ECC Ireland partially attributes this surge to two “problematic” traders registered in Ireland, one in the furniture sector and one in the electronic sector.
The consumer centre which deals with European complaints against Irish traders and Irish complaints against European traders has just released its annual report for 2014.
It received a total of 2,668 complaints last year — the majority of these (67%) related to either air passenger rights or the furniture and electronics sectors.
Problems encountered included flight delays, flight cancellations, lost luggage, defective electronics, and traders refusing to accept order cancellations.
In one air passenger rights case, a Polish consumer’s flight with an Irish airline from Gdansk to London was delayed by nearly six hours.
Upon contacting the airline, she was informed the delay had been caused by a technical issue with the aircraft. The airline claimed this amounted to extraordinary circumstances and so no compensation was due to the passenger.

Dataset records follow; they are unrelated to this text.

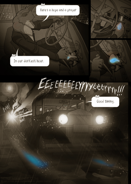 Being a good samaritan Salvatore offers to give the stranded faceless fox a ride. Although perhaps a bit to a reluctant dismay from Fright who now may find himself sharing the backseat with this glowing eyed skull headed individual. The "click" of a door handle shuffles open as the fox leers inside before taking his seat down dripping wet with the rain and seawater.
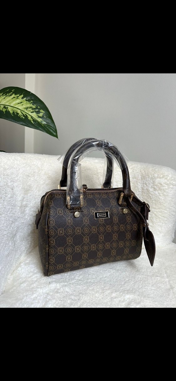 Koyu kahverengi deri, baskılı desenli ve tokalı detaylı kadın çantası. Modern klasik Paris tarzını yansıtır, günlük kullanıma uygundur. Ürün eni 20 cm dir. A+ kalitedir.
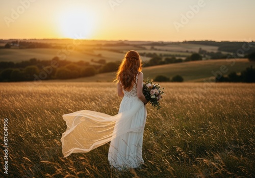 © Maksim, Naklejka premium A bride in a flowing white dress with red hair stands in a golden field at sunset, looking out over rolling hills, creating a romantic and ethereal scene.
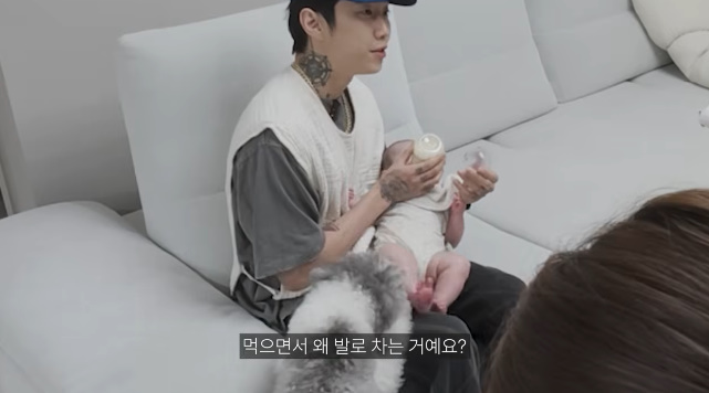 박재범은 직접 분유를 먹였고, 칭얼거리는 하이를 보며 "진짜 무슨 말을 하고있는지 궁금하다. 알고 싶다"고 호기심을 드러냈다. 그는 "엄청 잘 먹는다. 이거 다 먹냐"고 물었고, PD는 "밤새 자서 배가 엄청 고플거다"라고 말했다. 이에 박재범은 "좋겠다. 난 이거 촬영하러 2시간밖에 못잤는데. 당신은 통잠자고"라고 투덜댔고, PD는 "이 시기땐 먹고 자고 싸고밖에 없다"고 설명했다.
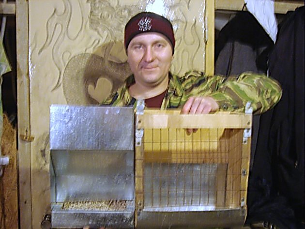 Фермеры также отдают предпочтение кормушкам Н. И. Золотухина. Особенность изобретения состоит в том, что она может опрокидываться благодаря шарнирному принципу. Чтобы удалить остатки корма, сена и почистить кормушку золотухина, достаточно просто опрокинуть конструкцию.
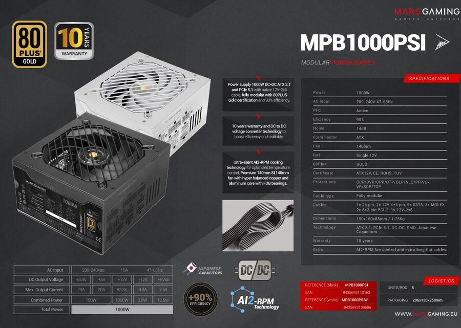 ПОЛНОСТЬЮ модульный блок питания ATX 3.1 MPB1000PSI 1000 Вт переопределяет эффективность и производительность для самых требовательных систем. Благодаря сертификации 80Plus Gold, японским конденсаторам Toshin Kyogo 105º и интеллектуальной модульной конструкции он гарантирует исключительную стабильность, оптимальное управление питанием и безупречную установку. Его собственный разъем 12 В 2x6 с поддержкой PCIe 5.1 обеспечивает эффективную и безопасную подачу питания для видеокарт следующего поколения. Кроме того, он оснащен 140-мм вентилятором SI Extreme Silence и усовершенствованной системой охлаждения AI2-RPM, динамически регулирующей скорость вращения вентилятора с помощью машинного обучения и искусственного интеллекта, что обеспечивает сверхтихую работу и высокий уровень рассеивания тепла.
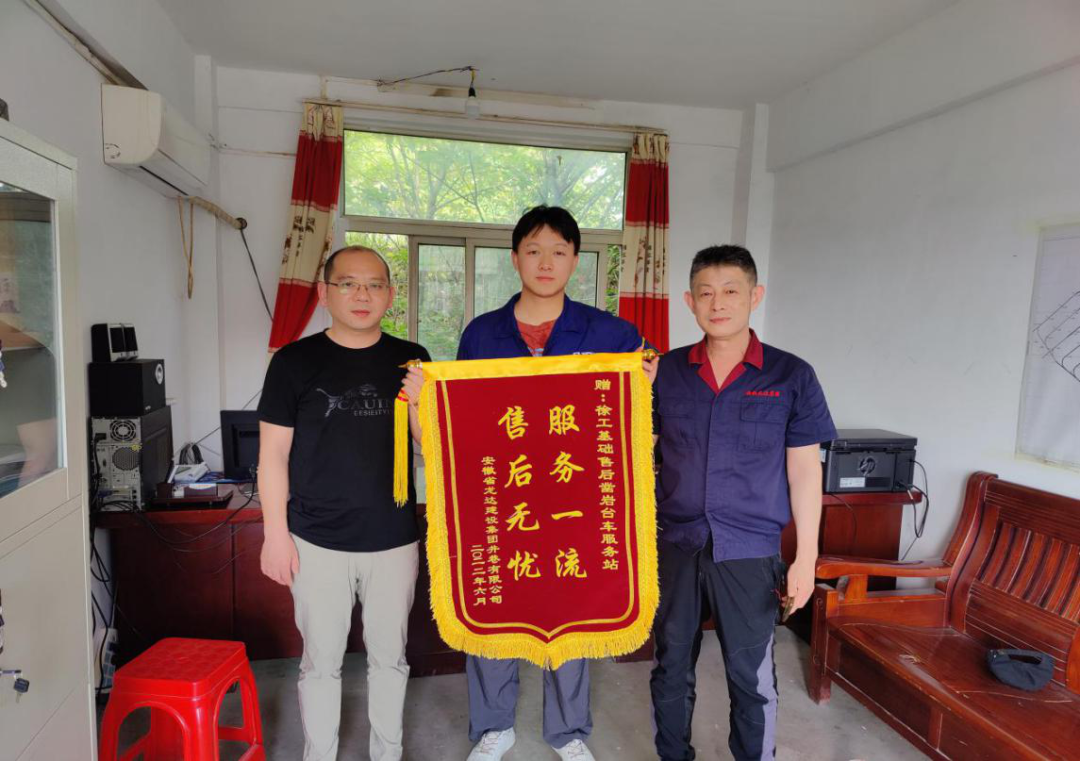 近日,徐工基础收到了一份神秘包裹,是一面印着“服务一流 售后无忧”的鲜红锦旗和一封感谢信:“吴佳承服务一流、及时,工作效率高,任劳任怨、不分昼夜、不惧井下危险作业,极大地保障了我公司的生产效率与产量,用徐工产品让我们真正安心无忧……”
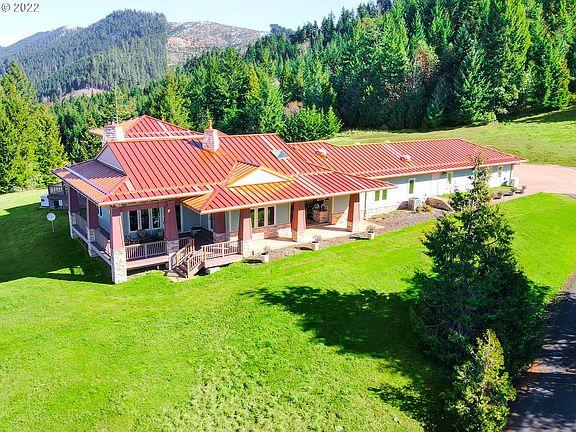 Enjoy the comforts of this luxury craftsman home situated in the middle of 160 secluded acres only 30 minutes from Roseburg, OR and I-5. With propane and diesel backup systems, this sun and wind powered home insures quality living separated from the worries of the world. Including 1100 Filbert trees, a fenced orchard, shop, swim spa and 1416 Sq Ft yurt, this property has several quality amenities which are too many to list.

Following advice from the ECC, the consumer contacted the Polish national enforcement body which found the issue did not qualify as extraordinary circumstances and directed the airline to pay compensation to the consumer and her companion for the delay. The airline paid €500 in compensation.
“The report provides a snapshot of the valuable work carried out by ECC Ireland for consumers in 2014 and highlights some of the problems faced by Irish and European consumers,” said ECC Ireland director Ann Neville.